The weather that July in Hamburg had been very hot, mostly dry. Two days before, a heavy thunderstorm had rumbled through, but the rain evaporated in the heat. On Saturday, July 24, 1943, the citizens of Hamburg were taking a rest from the heat and the backbreaking strain of World War II.
All across Germany's leading seaport, Hamburg's 1.75 million people enjoyed her cafes on the Alster and Elbe rivers, the huge zoo and the Ufa-Palast cinema, the Reich's largest. Once again Hamburg was free of air raids. To the average citizen, it must have seemed unlikely that the city would ever be bombed.

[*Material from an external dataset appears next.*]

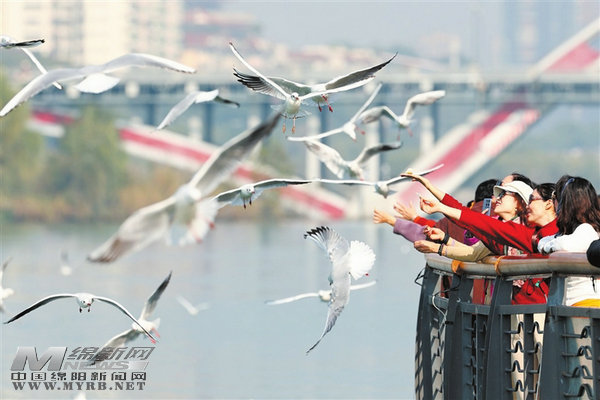 游客打卡三江半島,與紅嘴鷗互動(dòng)嬉戲。

But Hamburg was about to be destroyed.
The architect of that destruction was Air Chief Marshal Sir Arthur 'Bomber Harris, head of British Bomber Command. The stocky Harris had great intelligence, enormous determination and an unyielding hatred of Germany. His aim as chief of Britain's bomber offensive was to destroy Germany's cities.
By 1943, Bomber Command's four-engine Avro Lancaster bombers could deliver 8,000-pound bombloads on German cities nightly, guided to their targets by radar. The U.S. Army Air Forces (USAAF) flew daylight missions and made precision attacks on German factories. Round-the-clock bombing was becoming a reality.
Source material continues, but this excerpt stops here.